「それはどういうこと!?」
アイシャを見つけた、というウソの報告はしたものの……
本当にアイシャがドクトルに捕まってしまうなんて。
さすがに、この展開は予想していなかった。
驚きと焦燥と……そして、疑念。
思わずクリフを睨みつけてしまう。
僕だけじゃなくて、ソフィアとリコリスもクリフに厳しい目を向けている。
「すまない……連中がこれほどまでのバカだなんて思わなかった」
「それは、どういう意味なのですか? なにが起きたのか、詳細に説明してください」
「うん、もちろんだ。説明をする責任があるし……それと、あの子を助ける義務もある。その話もさせてほしい」
申しわけない、ともう一度頭を下げた後、クリフは事の経緯を説明してくれた。
クリフは、アイシャを絶対に信頼できる相手に預けていたらしい。
右腕といえるような存在で、仕事の能力も戦闘能力もどちらも長けていて、また、長年の親友であるとか。

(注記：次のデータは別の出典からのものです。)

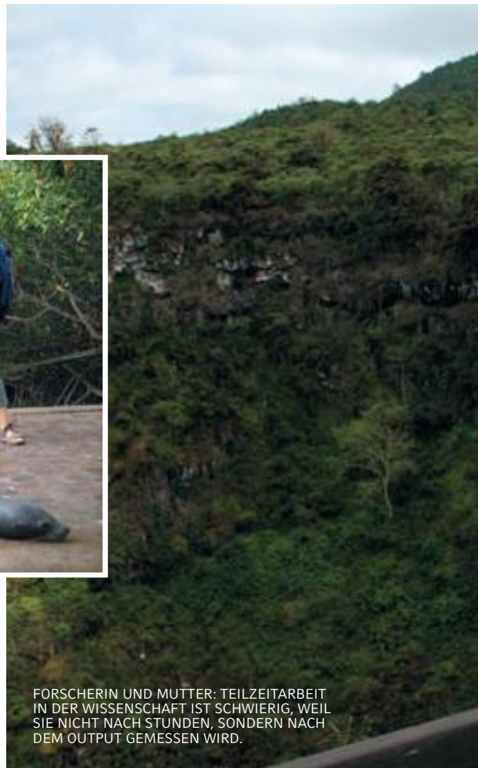
FORSCHERIN UND MUTTER: TEILZEITARBEIT IN DER WISSENSCHAFT IST SCHWIERIG, WEIL SIE NICHT NACH STUNDEN, SONDERN NACH DEM OUTPUT GEMESSEN WIRD.

Machtverlust Aber woran scheitert es? Die Mutter eines fünfjährigen Sohnes vermutet dahinter, neben zu hohen Lohnnebenkosten, auch die Angst um Machtverlust: Je eher jemand bereit wä-
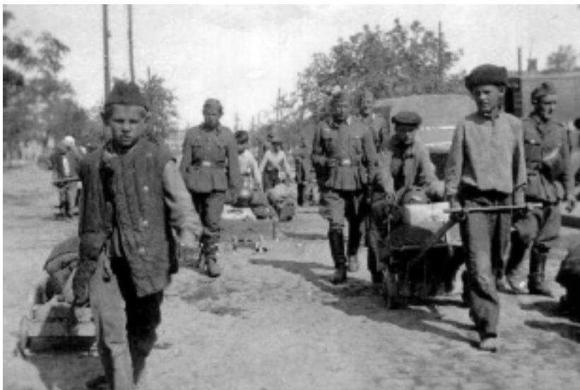
Лето 1942 года. В край донской оккупанты пришли.
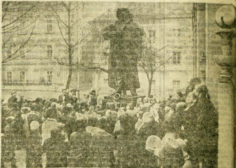
Razen kulturnih ustanov in široke javnosti, so se zlasti šole letos dostojno poklonile Prešernovemu spominu. Prizor pred spomenikom v Kranju.

Zagotovite si najcenejše in kvalitetno branje s takojšnjim vpisom v članstvo Prešernove družbe, da ne ostanete brez najbolj popularnih knjižnih zbirk kakor so ostali mnogi letos.
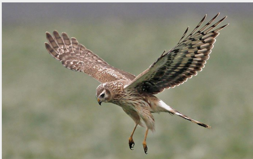
Busard Saint Martin femelle (PNRLF)
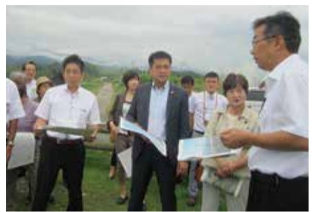
リニア新幹線問題で現地視察する 県議団(14年9月)

県民世論で廃止になった「海外視察」が復活の動き 県民世論で「ムダ」と廃止が決まった公費での海外視察。ところが今になって「鎖国化してもいいの？」と、復活をめざす動きも出ています。
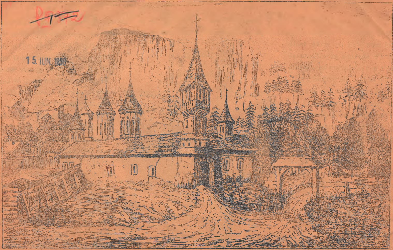
MONASTIREA SINAI A IN ANUL 1895

Tip. GUTENBERG, str. doamnei 23 Bucurasi.
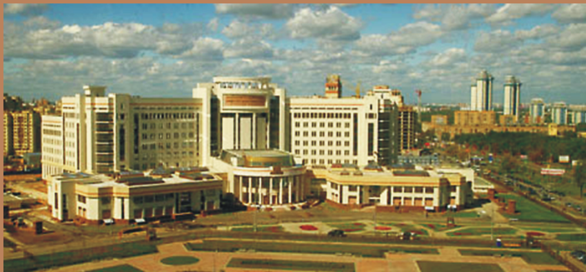
Учебный корпус МГУ №1
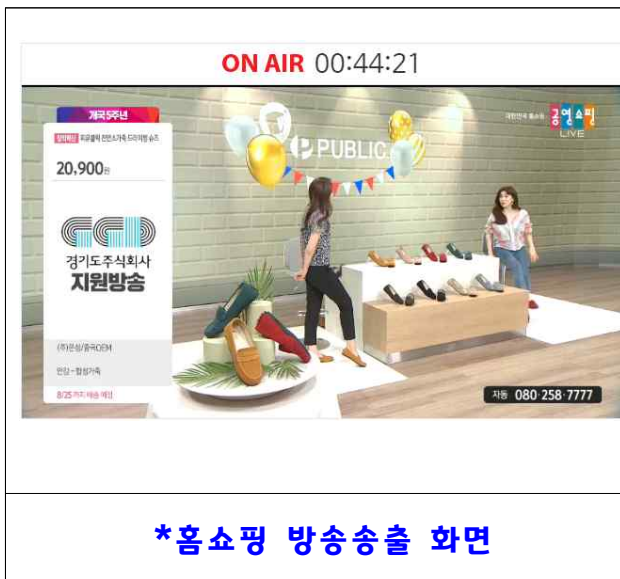
*홈쇼핑 방송송출 화면

※ 지원금 한도 내 방송 횟수 제한은 없으나 상품은 본 사업에서 선정된 제품으로 한정
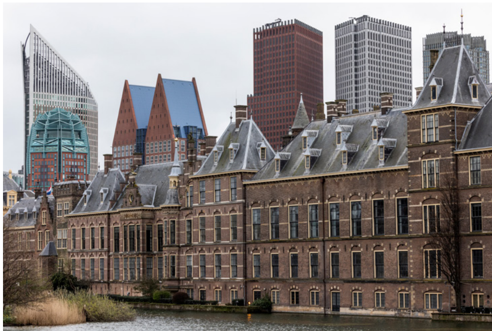
Foto 1. Stadsbeeld van Den Haag met de Hofvijver en diverse ministeries.

In dit hoofdstuk beschrijven we de Nederlandse 'brede benadering' van de democratische rechtsorde. 7 Wat dit betekent, volgt in hoofdstuk 1.1. Kennis over de waarde van de democratische rechtsorde en over hoe deze werkt is noodzakelijk. Dit draagt bij aan het creëren van draagvlak bij iedereen die in de democratische rechtsorde leeft. Dit vergroot mogelijk ook de wil vanuit de samenleving om actief weerstand te bieden als deze bedreigd wordt. Vooral voor instituten zoals de AIVD, die de taak hebben om de democratische rechtsorde te beschermen, is kennis over de democratische rechtsorde heel belangrijk om mogelijke dreigingen waar te nemen en te beoordelen. De AIVD heeft daarom een beoordelingskader opgesteld waarmee niet-gewelddadige, extremistische dreigingen geanalyseerd kunnen worden. Dit kader lichten we toe aan het einde van dit hoofdstuk.
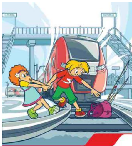
У поезда очень высокая скорость, он не сможет остановиться мгновенно. Переходи железнодорожные пути только в разрешенных местах!
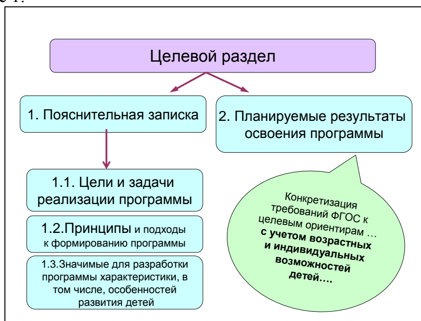
Схема 1. Структура целевого раздела Программы.

Проектирование основной образовательной программы начинается с Целевого раздела. Его структура в соответствии со Стандартом представлена на Схеме 1.
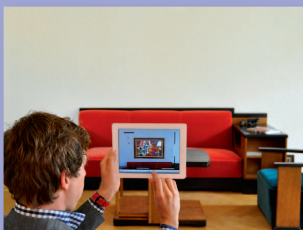
deel de digitale kamer via e-mail en sociale media
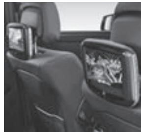
Fond Entertainment System Kit
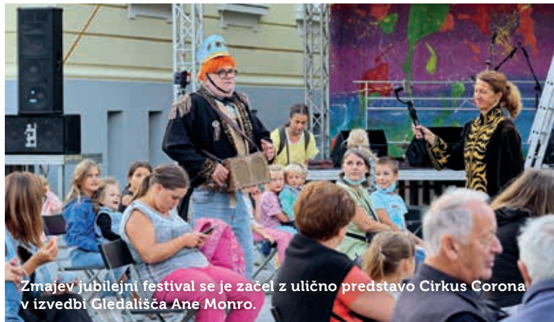
Zmajev jubilejni festival se je začel z ulično predstavo Cirkus Corona v izvedbi Gledališča Ane Monro.

Besedilo: Ester Fidel; fotografije: Aleksander Petrov in Tea Nagode.
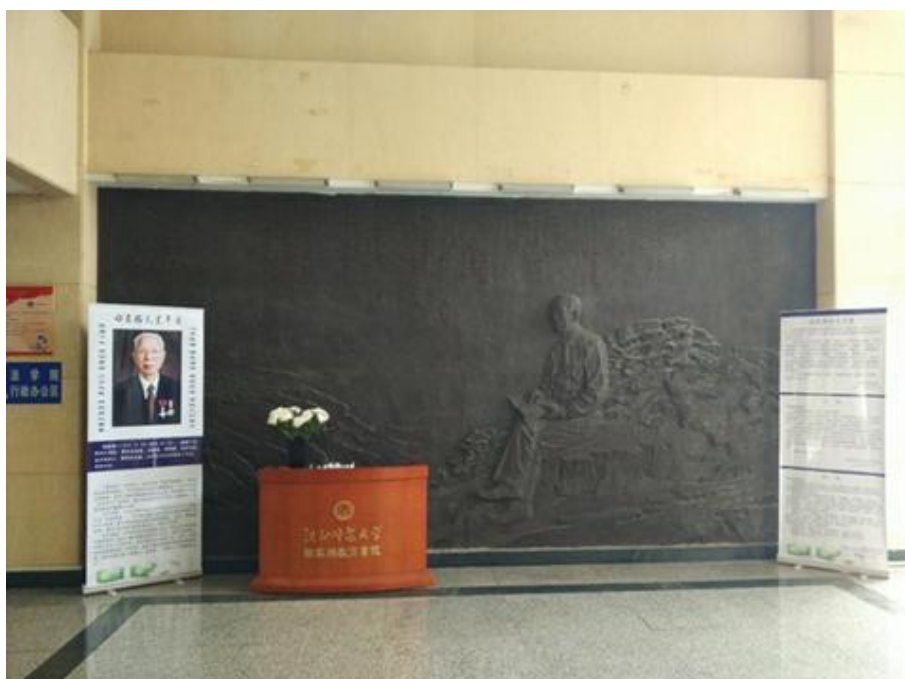
沈阳师范大学田家炳教育书院陈列的田家炳先生浮雕造像
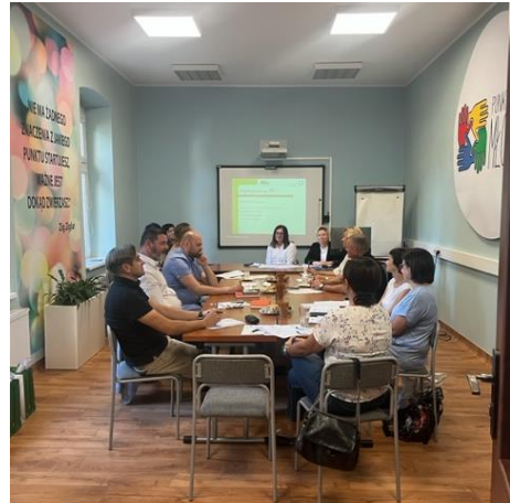
Spotkanie z partnerami

W realizację projektu zaangażowani zostaną także lokalni pracodawcy, u których testowany będzie nowy model odbywania stażu, zakładający elastyczny wymiar godzin stażu w poszczególnych dniach miesiąca jak i w miesiącu. Taka organizacja stażu pozwoli dostosować
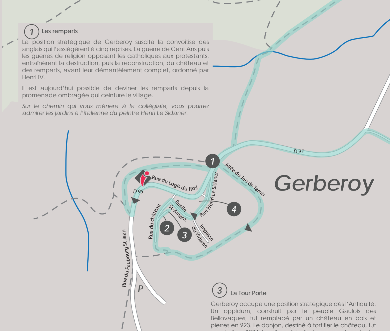
2 La collégiale Saint-Pierre

Mentionné dès 1448, le moulin du Vidamé, à blé, disposait d'une ferme, installée de l'autre côté de la route. Le corps principal du moulin est construit en pierres de taille, brique et pons de bois et est flanqué d'une touraille d'angle, couvertes de toits en pavillon. La présence de tours défensives s'explique par le fait que le Vidame de Gerberoy y percevait un droit de travers. La roue du moulin fut démontée en 1900 et le bâtiment fut classé Monument Historique en 1990. Certains éléments de la ferme sont aussi protégés au titre des Monuments Historiques depuis 1986.
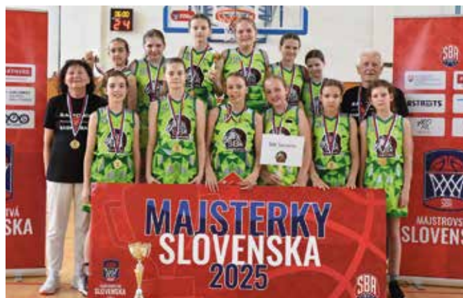
Az U12-es bajnokcsapat
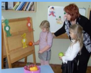
«В стране Неболейке»

クリフは表に立って色々と動かないといけないため、アイシャの保護は難しい。
しかし、親友ならば……と思い、彼にアイシャの保護を依頼したらしい。
ただ、ここで問題が起きた。
ドクトルの仲間、ファルツ・ルッツベインが動いたのだ。
聞くところによると、ファルツは、ここ最近は失敗続き。
なんとか汚名返上しようと焦っていたらしく、起死回生の策を考えていたという。
そして……
クリフの右腕である親友を襲撃するという、無謀でメチャクチャな計画を思いついた。
親友を失えばクリフの力は大きく削がれるだろう、と考えてのことだろうが……
そんなことを理由なくすれば、いくら冒険者協会の幹部とはいえ罰は免れない。
ただ、ファルツはそんなことも考えられないほどの愚か者らしく、計画を実行に移してしまった。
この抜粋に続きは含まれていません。